Step 1: Sterilise. Put your milk into a saucepan and gently heat until it reaches about 85C – hot but not boiling. Stir regularly. This step kills any bad bacteria to prevent it from messing with your friendly yogurt making bacteria. Allow to cool to 45C. If you’re feeling impatient at this point you could dunk your saucepan in an ice bath, otherwise make sure you check the temperature frequently.
Step 2: Add your cultures. Put a couple of tbsp of the milk into a mug, add in your yogurt/cultures and arrowroot and mix well. Pour back in to the pan of milk and give another mix.
Step 3: Incubate. Pour the milk into your jars, and incubate for 12-18 hours using your chosen method. A longer incubation means a more “yogurty” flavour, so you might want to play around with future batches a bit to find your favourite. Don’t disturb your yogurt while it’s incubating!
When it’s time to come out, all you have to do is transfer to the fridge for a few hours to stop the cultures from doing anything else and to make it thicken up a bit…. and then you’re done! if you fancy a more greek style yogurt, strain it using a sieve and a couple of layers of cheesecloth.
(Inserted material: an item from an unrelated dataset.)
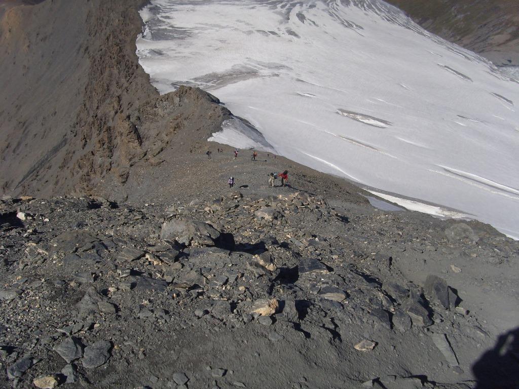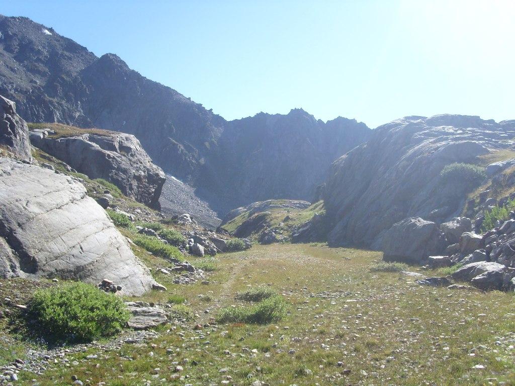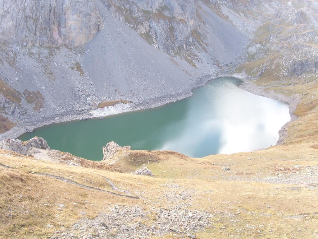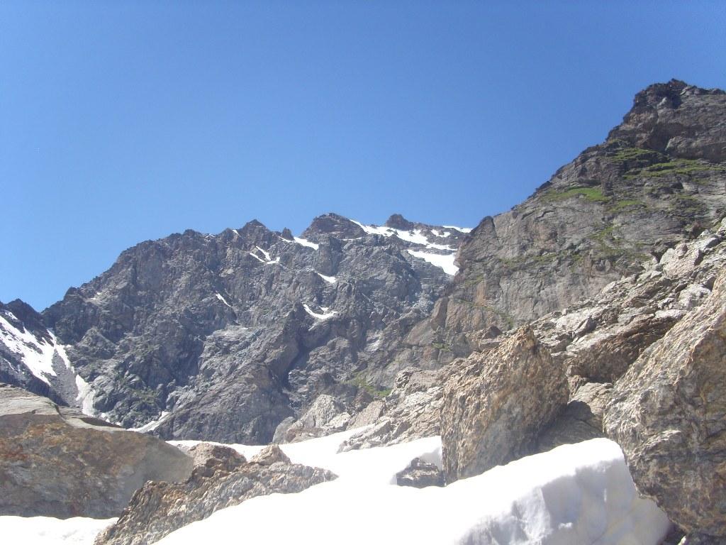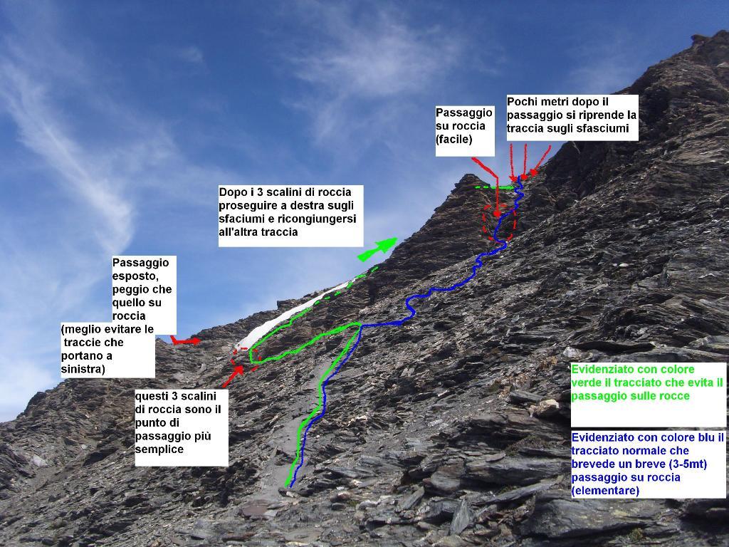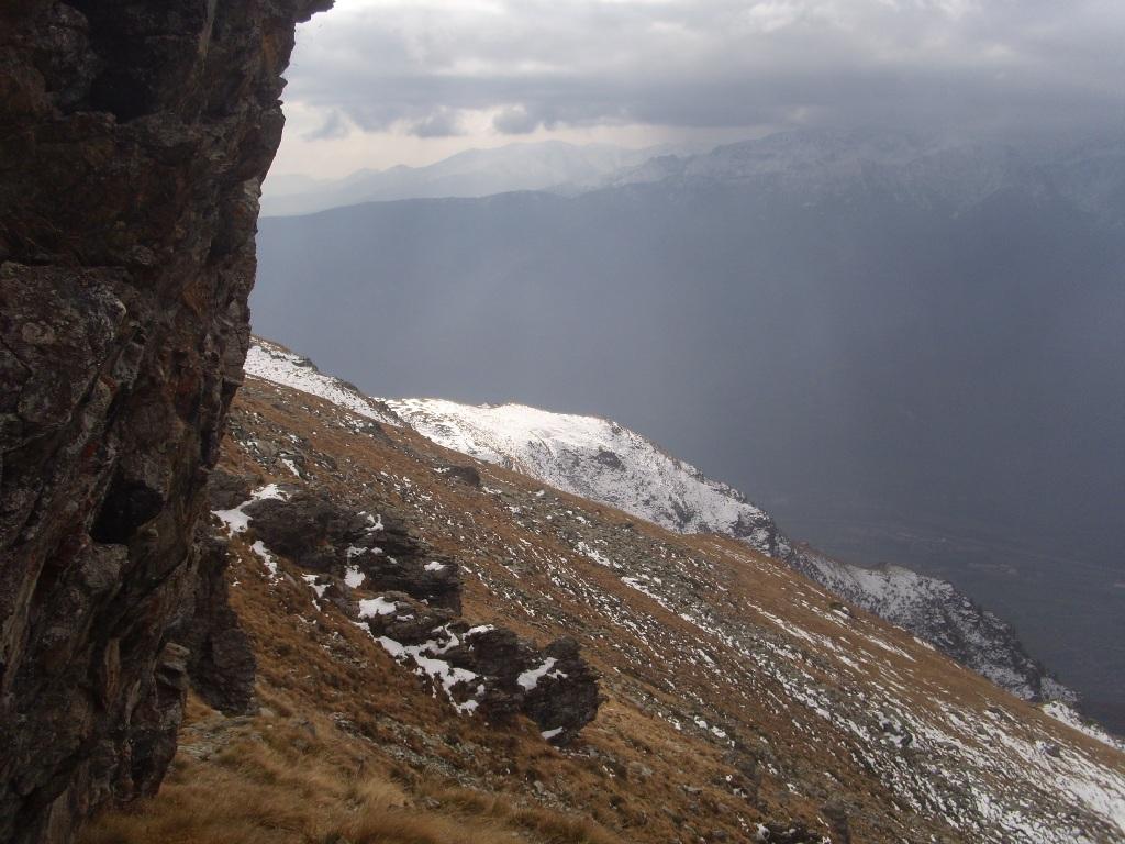 | tini | 03 - foto che da l'idea del senso di chiusura odierno (Nuvole basse ed oscurità) | tini | 04 - cielo plumbeo | tini | 05 - versanti a N della partete della Rocca Patanua | tini | 06 - il sentiero è tutto esposto a S, senza neve | tini | 07 - il sentiero si insinua tra i nevai (Che non si calpestano.. ancora) | tini | 06 - Vallone da percorrere con balza di roccie finale prima del lago. Il punto di passaggio è il più basso al centro. | tini | 07 - prima di arrivare al lago, sulla sx le belle pareti della Roche Colombe | tini | 08 - inizio del tratto attrezzato con corde fisse. Più semplice se percorso in salita. | tini | 09 - il camino (seconda parte del tratto con corde fisse) visto dall'alto. Le corde possono aiutare in caso di roccia bagnata. | tini | 10 - lo spigolo ovest delle Aretes de la Bruyere che appaiono imponenti dal Grand Lac | tini | 11 - Le Grand Lac | tini | 12 - Questa arvicola ha rallegrato il nostro pranzo in riva al lago cibandosi delle croste del formaggio | tini | 13 - la cresta ovest della Arete de la Bruyere | tini | 14 - affilata... Arete de la Bruyere da ovest | tini | 15 - Pic de la Mouliniere

A few troubleshooting bits and pieces:
If it’s really thin:
- Really really thin? Like still coconut milk thin? No coming back from this one I’m afraid. Either your cultures were dead to begin with or died along the way. Try again with a different starter and make sure you don’t add it when the milk is too hot (they’ll burn and die) or to cold (they won’t get started). Also check your incubation method isn’t too hot or cold.
- Try adding a bit more arrowroot/thickener of choice to the next batch.
- Strain it – pour it into a sieve lined with some cheesecloth and leave it until some of the liquid has dripped through. The internet tells me you can drink said liquid as coconut water.
If it splits (ie there are liquid and lumps of yogurt):
- Stir it back together. I said this was simple…
- If it’s at the bottom (like in my photo) – spoon the top bits off and chuck the liquid when you get there.
- Strain it (as above)
If it’s got pink or black furry bits on it… throw it away. They’re not the friendly type of bacteria!